Personal information
- Full name: Daniel Joseph Noonan
- Date of birth: 29 November 1968 (age 56)
- Original team(s): Mooroolbark Football Club, Eastern District Football League / Clarence (TFL Statewide)
- Debut: Round 3, 1991, Brisbane Bears vs. Carlton, at Princes Park
- Height: 188 cm (6 ft 2 in)
- Weight: 88 kg (194 lb)

Playing career^{1}
- Years: Club / Games (Goals)
- 1991–1993: Brisbane Bears / 55 (19)
- ^{1} Playing statistics correct to the end of 1993.

= Danny Noonan (Australian footballer) =

Australian rules footballer

Danny Noonan (born 29 November 1968) is a former Australian rules footballer who played with the Brisbane Bears in the Australian Football League (AFL) during the early 1990s.
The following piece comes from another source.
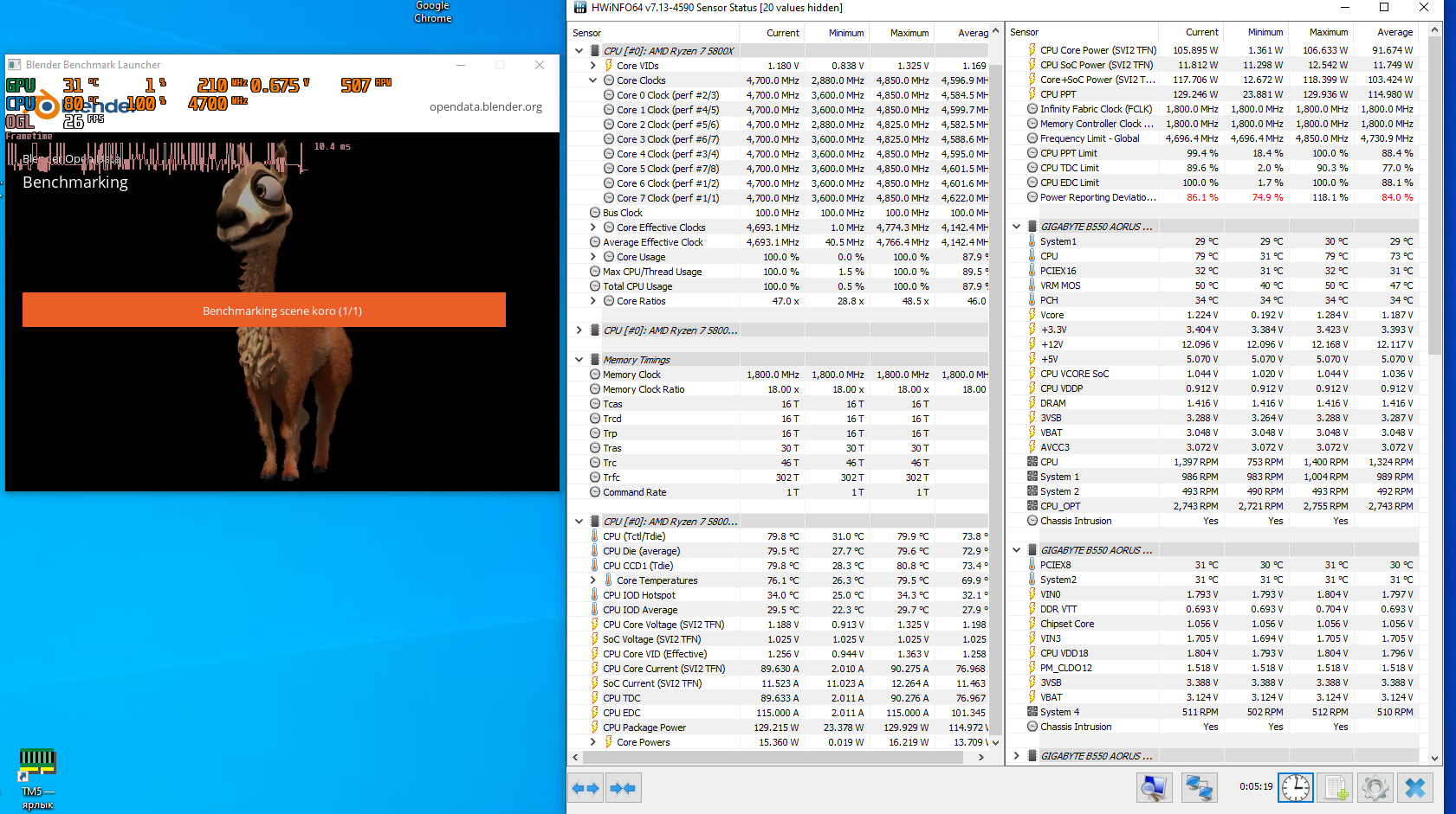 А также курвой -30 на все ядра и минусовым офсетом -0.048v(без падения производительности) получились частоты выше чем были в фиксе, было 4700 фикс, теперь 4750-4800 с PBO в нетребовательном многопотоке, очень хороший буст по частотам и температурам дал минусовый офсет, я раньше с другой платой с ним уже эксперементировал, но падала производительность, забил, а на B550 AORUS PRO V2 вернулся к этому вопросу, до -0.048v всё ок по балам в бенчах, проверял в CR23, CPU-Z, Corona1.3.Benchmark, Koro, больший офсет уже падение производительности. Теперь частоты в синебенче с PBO, курвой и офсетом 4800 в начале, и под конец бенча ~4750, остался самый длительный тест, понаблюдать в простое, сёрфинг в нете, ютубчик, так как могут быть сюрпризы

He also spent time in Tasmania with Tasmanian Football League (TFL) club Clarence and was an interstate representative for Tasmania.

==Football career==
Noonan, from Mooroolbark, was a reserves footballer at Carlton as a youngster but he left without making a senior appearance. He joined Clarence, playing his first TFL season in 1988 and winning their Best and Fairest award in 1990.

Brisbane recruited Noonan to the AFL with a pre-draft selection in 1990. A utility, he had 31 disposals in his debut game and played at Brisbane for three seasons before returning to Clarence.

In his second stint at Clarence he won two further Best and Fairests as well as back to back William Leitch Medals in 1995 and 1996. His 1995 medal caused a great divide and contention in the state and indeed the league when he was caught on camera deliberately king hitting superstar North Launceston on-baller Marcus Todman during the grand final.

His last TFL game was a premiership, with a Darrel Baldock Medal winning performance in the 1997 Grand Final win against Burnie.

==Post-football career==
After his football career Noonan became a financial planner. In 2017 he pleaded guilty to 107 counts of fraudulently misappropriating, or stealing, $2.5 million from clients of his financial planning company to fund his gambling addiction. He was sentenced to six-and-a-half years in jail with a minimum sentence of just over three years.